As activated NF-kappaB signalling has been found to promote colorectal cancer by activating tumor growth and angiogenesis, targeting NF-kappaB has been recently focused in developing new anti- cancer drugs. It has been reported that high expression level of interleukin 1 beta (IL1beta) can activate NF-kappaB signalling pathway and consequently promote colorectal cancer development. IL1beta is mainly released from macrophages (M2 phenotype) in tumor microenvironment. Inhibiting IL1beta/NFkappaB pathway may suppress or even reverse tumor growth. So far, various approaches have been investigated for inhibiting IL1beta/NFkappaB pathway including pharmacological intervention such as use of neutralizing antibodies against IL1beta or its receptor.
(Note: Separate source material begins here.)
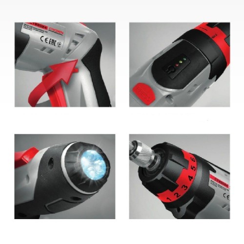 مفك إلكتروني Crown بيربط و يفك وتقدر تستخدمه من غير كهرباء لأنه ببطارية قابلة لإعادة الشحن. المفك فيه كشاف خلفي LED وكشاف أمامي بيفتح وانت مشغل المفك، بالإضافة إلى تصميمه القابل للدوران لتستخدمه على شكل مسدس أو بشكل مستقيم حسب الحاجة.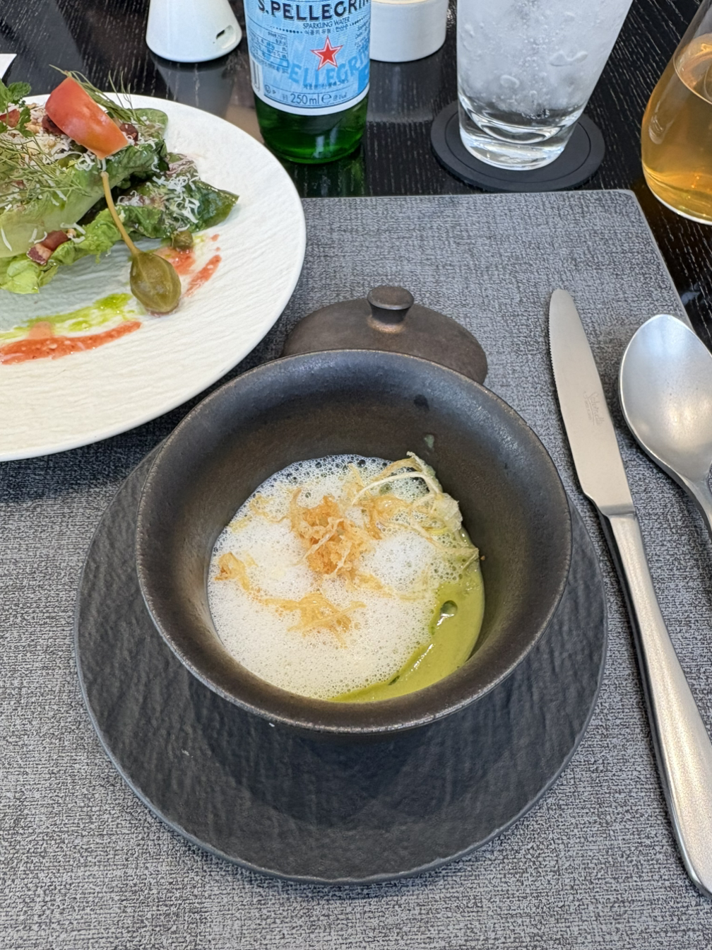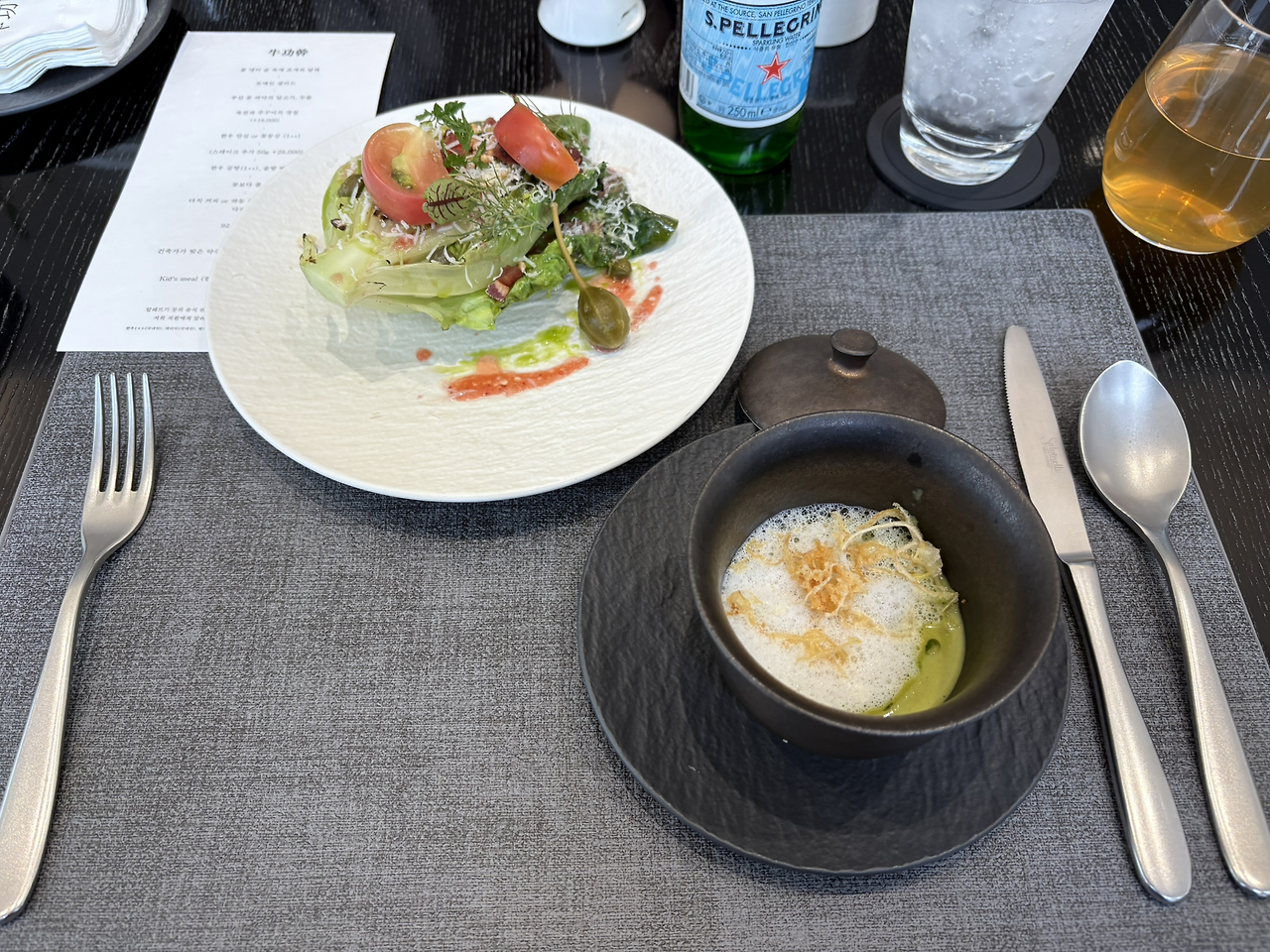 첫 번째 코스인 샐러드와 수프. 샐러드는 딸기가 들어간 소스였고 수프는 낙동강 하구 쪽에서 많이 잡히는 갈미 조개와 아스파라거스 등이 들어간 수프였다. 수프 위에는 치즈 거품과 달래 뿌리 튀김이었는데 나는 개인적으로 수프가 맛있었다. 갈미 조개가 신선하고 튀긴 달래 뿌리가 독특하면서도 향이 있어 좋았다. 샐러드에서는 큰 감흥이 없었는데 딸기가 들어간 소스가 좀 달다고 느껴서인 것 같다.

However, these strategies need further investigation to evaluate their effectiveness in vivo before clinical application. Therefore, a novel strategy should be developed to target IKK-alpha activity which is a critical upstream regulator of NF-kappaB activation in colon cancer cells. The current study was aimed at evaluating whether siRNA mediated knockdown of IKK-alpha could effectively inhibit NF-kappaB activation and reduce cell proliferation in colon cancer cells. We also wanted to determine if administration of IKK-alpha siRNA could inhibit tumor growth in mice xenograft model. Results showed that IKK-alpha siRNA treatment efficiently reduced both basal and IL1beta induced NF-kappaB activation as well as cell proliferation in colon cancer cells. Moreover, administration of IKK-alpha siRNA significantly inhibited tumor growth in mice xenograft model. Our results suggest that down regulation of IKK-alpha expression using small interfering RNA technique might provide an effective approach for treating patients with advanced stage colorectal cancer by reducing tumor burden and improving patient survival rate.
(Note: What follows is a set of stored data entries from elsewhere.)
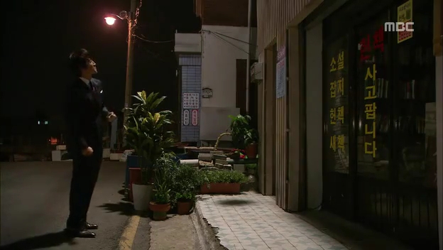 ミドパパの書店へ行き、様子をたしかめどこかに電話するテサン。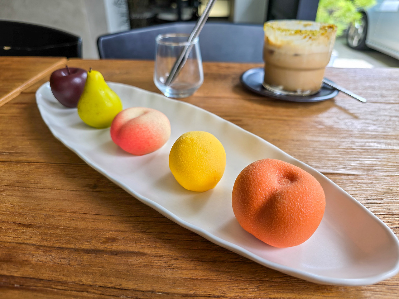 카페 파티세리 후르츠는 압구정 로데오 골목 안에 있어 한적한 분위기가 이국적인 외관과 어울려 여유롭다. 셰프가 만드는 파인 디저트 매장인 파티세리 후르츠는 이름에서 느껴지듯 과일을 주제로 하는 디저트 카페다. 입구에 놓인 쇼케이스 안에 잘 익은 납작 복숭아가 눈길을 사로잡는다.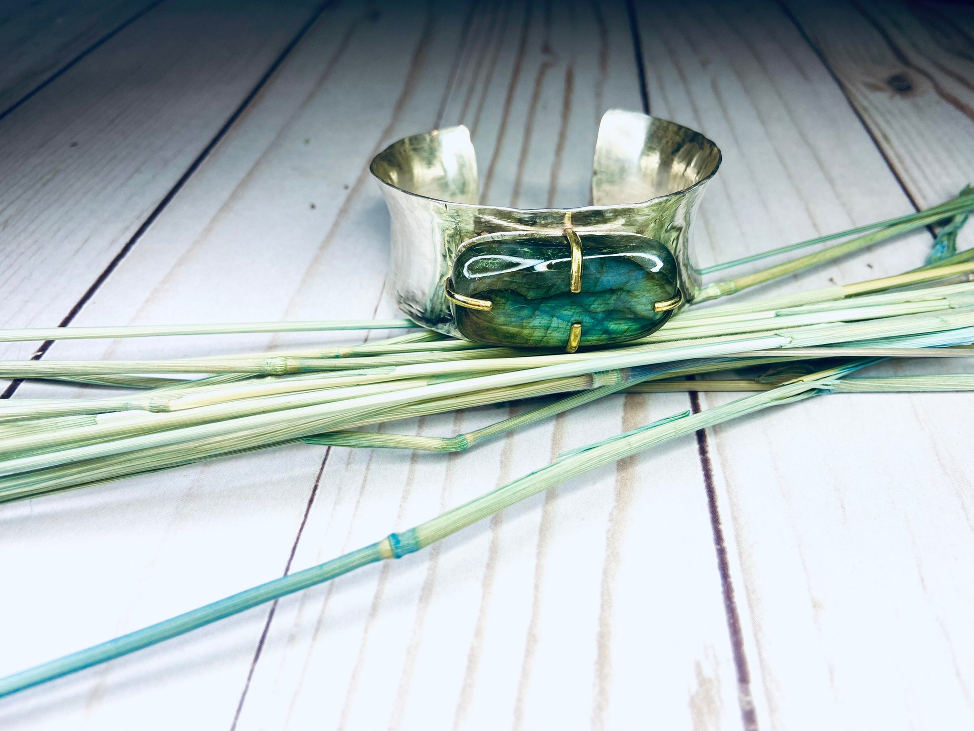 Sterling silver and brass this gorgeous statement cuff holds a rectangular labradorite stone that screams with hues of blues and deep greens.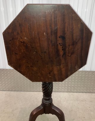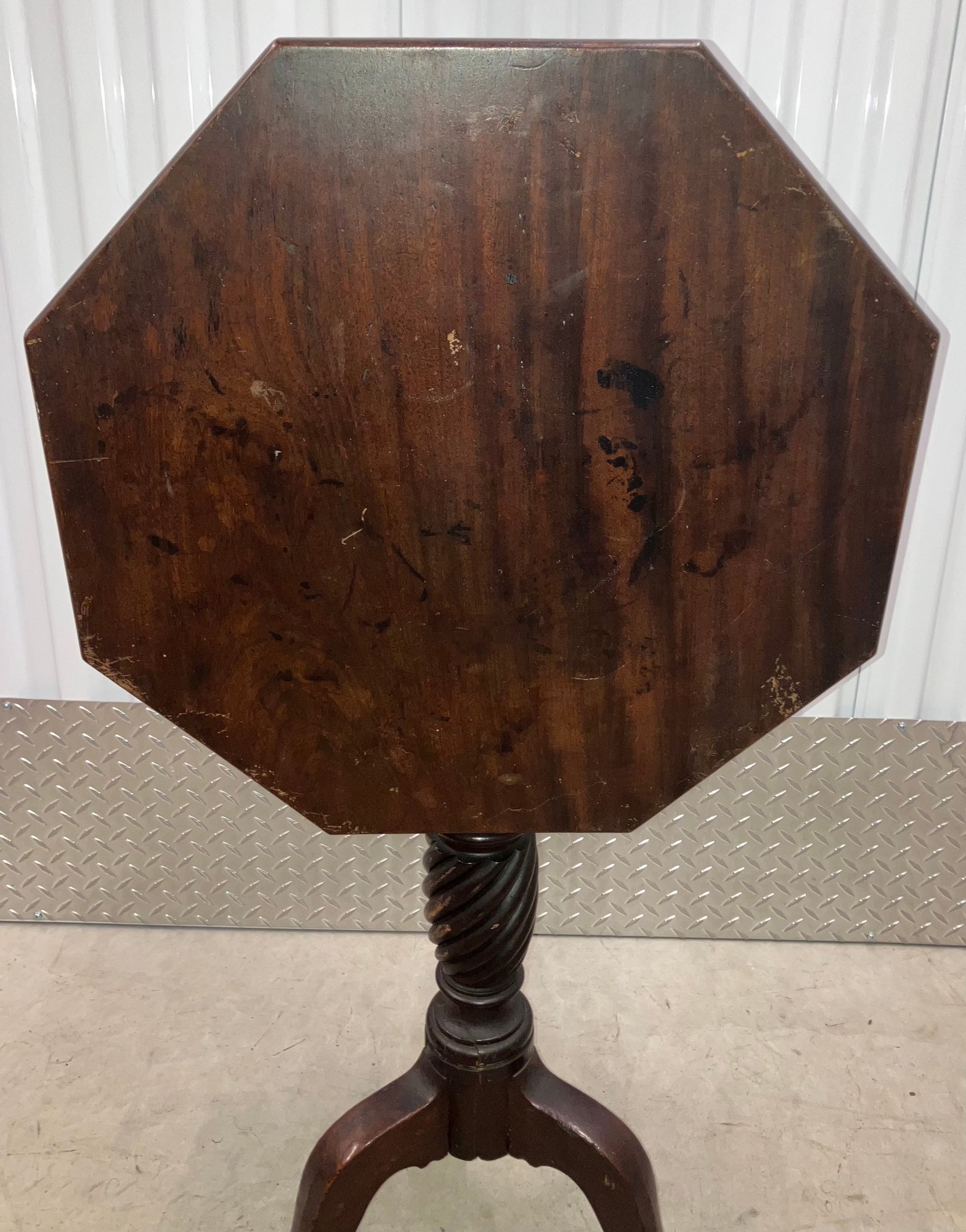 18th Century mahogany tilt top table. Dimensions are: 39” tall x 27 x 20 1/2. Fair condition.

Review about Currently Available Small molecules for inhibition of IKK-alpha

The role of c-IRAK and IKK-alpha in colorectal cancer is still largely unknown. Current evidence indicates that high levels of c-IRAK are associated with an unfavourable prognosis in CRC patients, but more studies are needed to determine if there is a correlation between IRAK and colorectal cancer progression. Specifically, whether IRAK inhibitors (Figure 4 and Table 1) could be used to treat colorectal cancer needs further investigation. There are also very few data available on interactions between IRAK1 and NFkB or interleukin 6, making it difficult to predict their relationship. Further research should focus on providing answers regarding how genetic polymorphisms affect IRAK expression and whether they predict a patient’s response to treatment. Studies involving animal models would also help us understand IRAK function better, as well as clarify its involvement in tumorigenesis. In addition, researchers should investigate whether inhibiting IRAK1 can improve chemotherapeutic agents by reducing inflammation and proliferation caused by cytokines such as IL6. Since IL6 may be involved in promoting colorectal cancer cell growth, inhibiting its effects may increase efficacy of chemotherapy drugs. Overall, more studies are needed to understand how inhibition of IRAK affects inflammatory pathways and cell signalling pathways leading to apoptosis (programmed cell death). As we begin to gain a better understanding of these processes, we will have greater insight into developing effective therapeutic strategies against colorectal cancer.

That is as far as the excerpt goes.